I envision a world where it doesn’t matter what background you come from or what you look like. Everyone is treated equally. I imagine people working together, sitting across from each other and there is a diverse set of skills, a diverse set of backgrounds. People from all different socioeconomic levels, people of different sexualities, and people of different ethnic backgrounds all come together to solve the problem that our society faces.
I hope that the work that we’re doing for The Animal Patronage ensures that the next generations face less of a hurdle due to environmental issues, regardless of the places they live. With that said, I know we have no right to kill those that are speechless. They are the ones who came before us. Our past generation made many mistakes that damaged the environment but we still have time to stop those mistakes and start preserving our planet for our upcoming generations.
I’ve faced a fair amount of challenges in social entrepreneurship. The biggest challenge I faced was other people’s opinions of doing these things at a young age. They often told me not to do this kind of thing but instead to focus more on academics.

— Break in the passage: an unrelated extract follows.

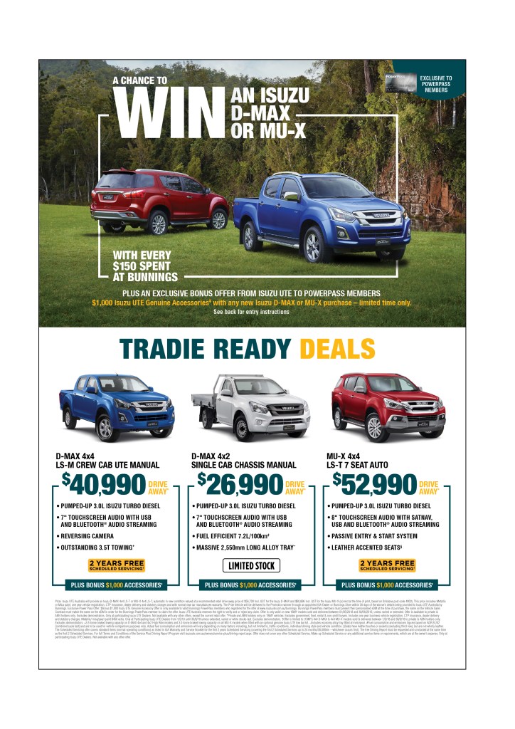 This Bunnings PowerPass promotion gave Trade Account and PowerPass members the opportunity to win their choice of Isuzu D-Max Ute or MU-X Wagon.
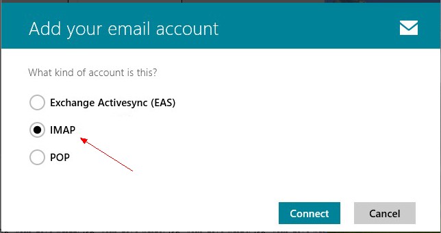 5. Select the protocol which you want to retrieve your email messages (POP or IMAP)

I’ve touched upon sexism in the sense that there are a lot of stereotypes about girls in social work. In India, there is the understanding that if you go into social work, you do not have an academic background.
Social Entrepreneurship still isn’t a very popular field; it’s not normalized in the older Indian community. I have faced ageism when I went to conferences or meeting rooms and I’d be the youngest person there by 10-20 years. I faced it when people joked, “Oh, shouldn’t you be in school right now?” I faced it when people turned down partnership proposals because they didn’t want to work with youth groups. Very early on, as a tenth grader, I had to develop a thick skin and choose to, in a very Taylor Swift fashion, shake it off. I’d keep going to events and create opportunities to be heard by asking insightful questions during talks and not be afraid to approach strangers to elevator my pitch for The Animal Patronage. I brushed off every rejection and every successful connection I made led to opportunities.

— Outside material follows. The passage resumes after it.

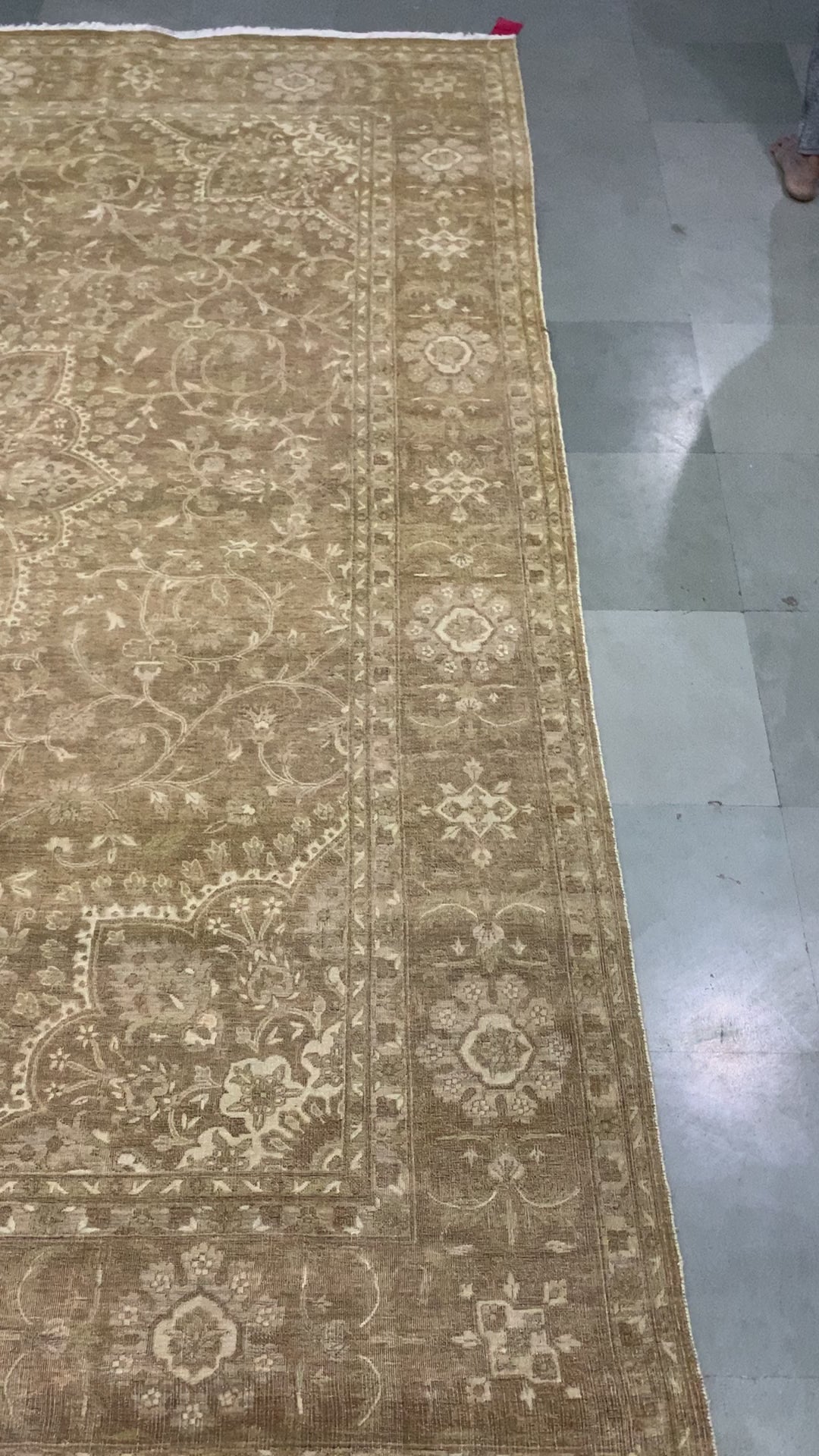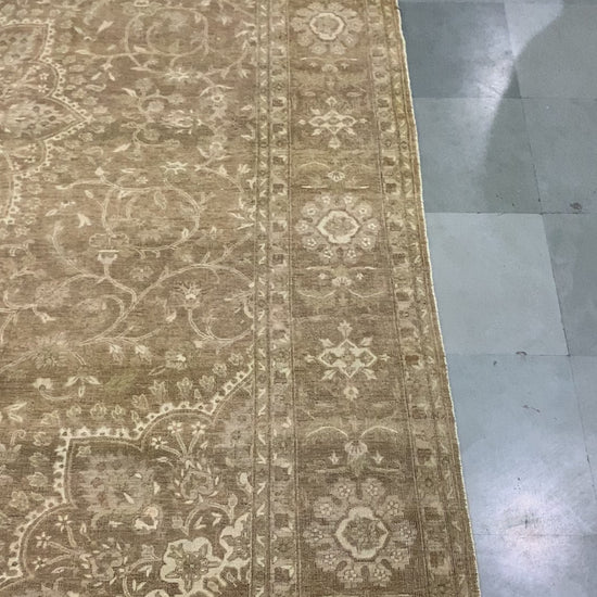 Floral Brown Ivory and Camel Traditional Tebriz Pure Wool Luxury Handknotted 7.9x9.10Ft 236x298Cms Area Rug

All of those struggles stung at first, but I think they made me, as cheesy as it sounds, a stronger person because I’ve been able to weather these rejections. Especially since they are inevitable in the nonprofit space or in any type of founder journey.
“My interests? Oh, photography, drawing, painting, reading and writing, entrepreneurship. I have my own Podcast. I can rattle a long list of hobbies without pause. Evidently, I like to explore new things, from basketball to badminton, I have tried them all. My desire for discovery is constant, even if I don’t always excel at everything I do. It’s all part of the journey of self-awareness.
In my mind, understanding the self is the most important part of all.
With that said, I know that pursuing male-dominated fields could be a hard task, and you might not receive a lot of support from school or from your immediate community. Know that communities like The Animal Patronage exist online and are here to help and support you in case you need resources or people to bond with. Communities are there, all you need to do is look them up and find them. Lastly, in my opinion, every species has an equal birthright on this planet. Just because they can’t fight for their rights doesn’t mean we cannot do that. I believe that we should try to be a ‘constructor’ and not a ‘destructor’.